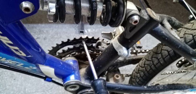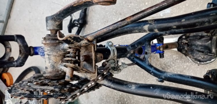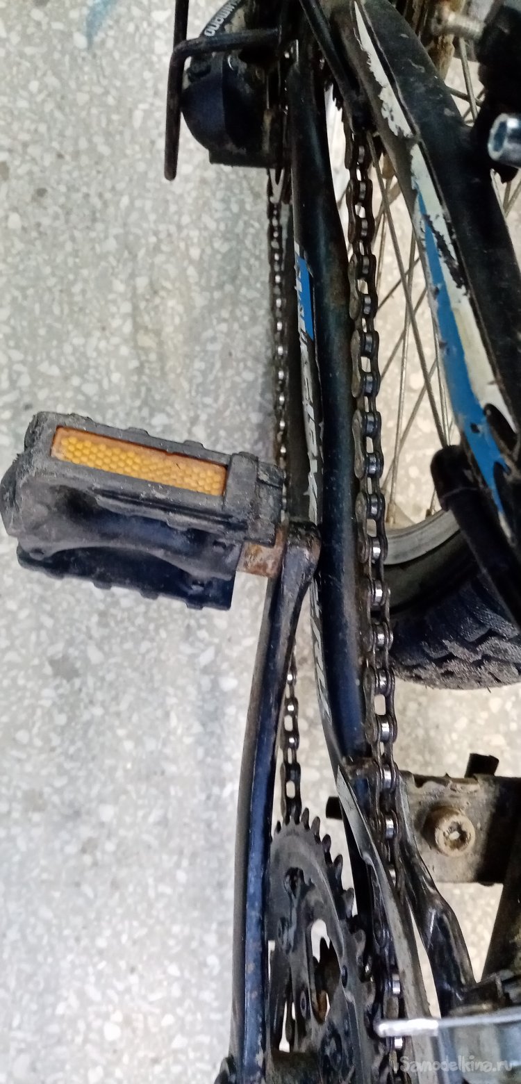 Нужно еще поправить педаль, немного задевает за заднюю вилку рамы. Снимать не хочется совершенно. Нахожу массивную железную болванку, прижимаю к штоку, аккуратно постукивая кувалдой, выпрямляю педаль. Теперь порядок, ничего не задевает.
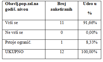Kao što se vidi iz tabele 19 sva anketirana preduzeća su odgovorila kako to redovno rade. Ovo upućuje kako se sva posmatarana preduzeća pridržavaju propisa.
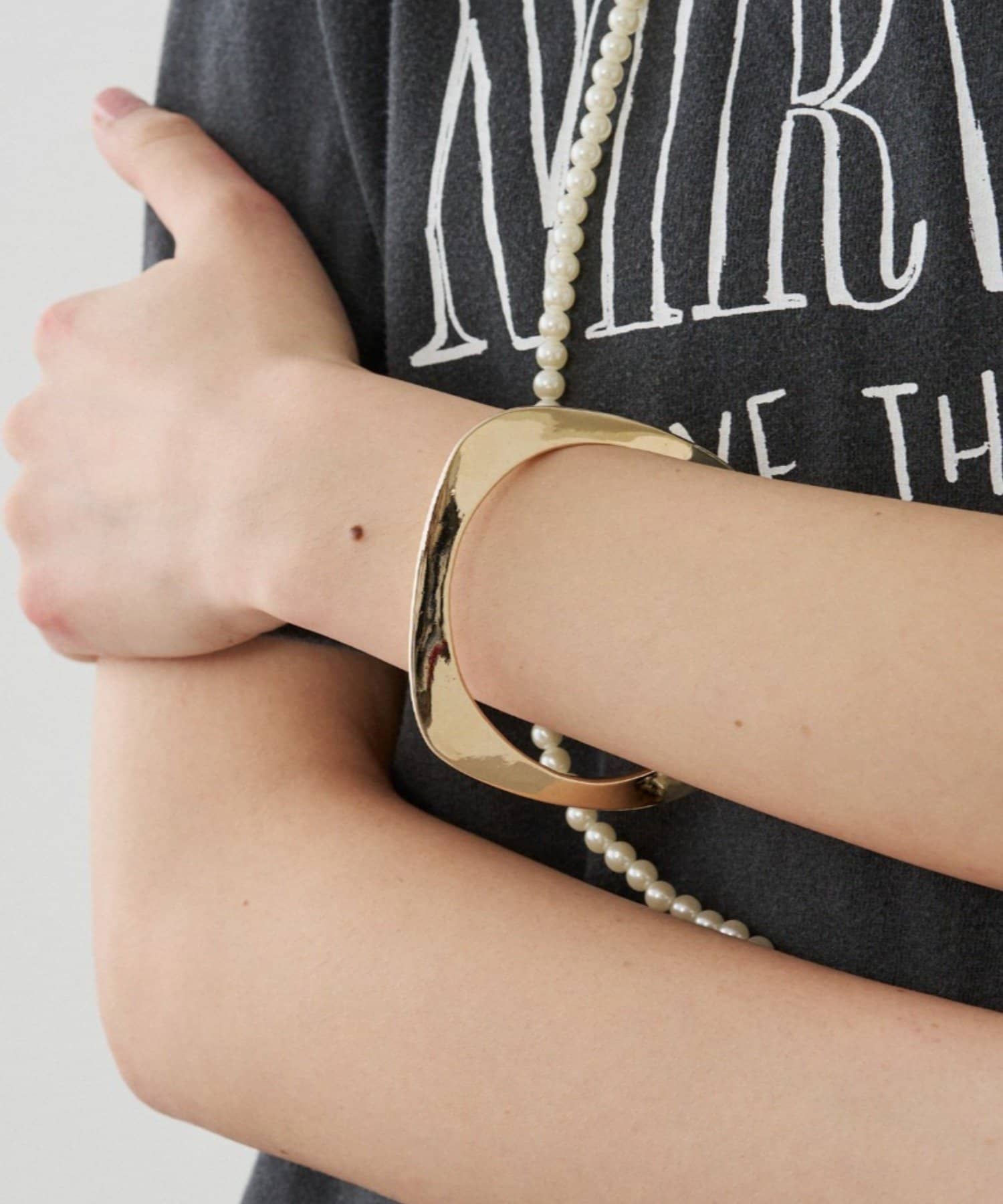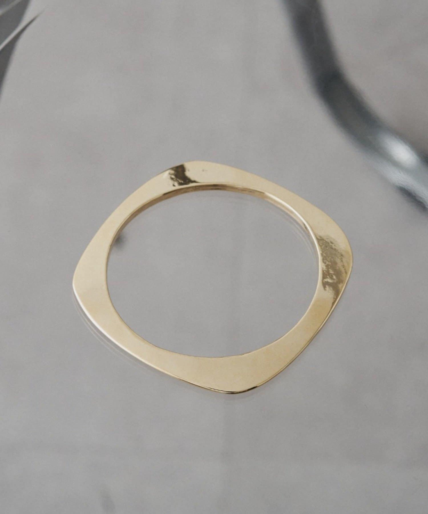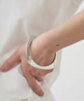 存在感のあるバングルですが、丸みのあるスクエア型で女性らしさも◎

ACTIVITY:
The response must match the listing exactly, except that pictures are removed.

WRITTEN RESPONSE:
 Нужно еще поправить педаль, немного задевает за заднюю вилку рамы. Снимать не хочется совершенно. Нахожу массивную железную болванку, прижимаю к штоку, аккуратно постукивая кувалдой, выпрямляю педаль. Теперь порядок, ничего не задевает.
Kao što se vidi iz tabele 19 sva anketirana preduzeća su odgovorila kako to redovno rade. Ovo upućuje kako se sva posmatarana preduzeća pridržavaju propisa.
 存在感のあるバングルですが、丸みのあるスクエア型で女性らしさも◎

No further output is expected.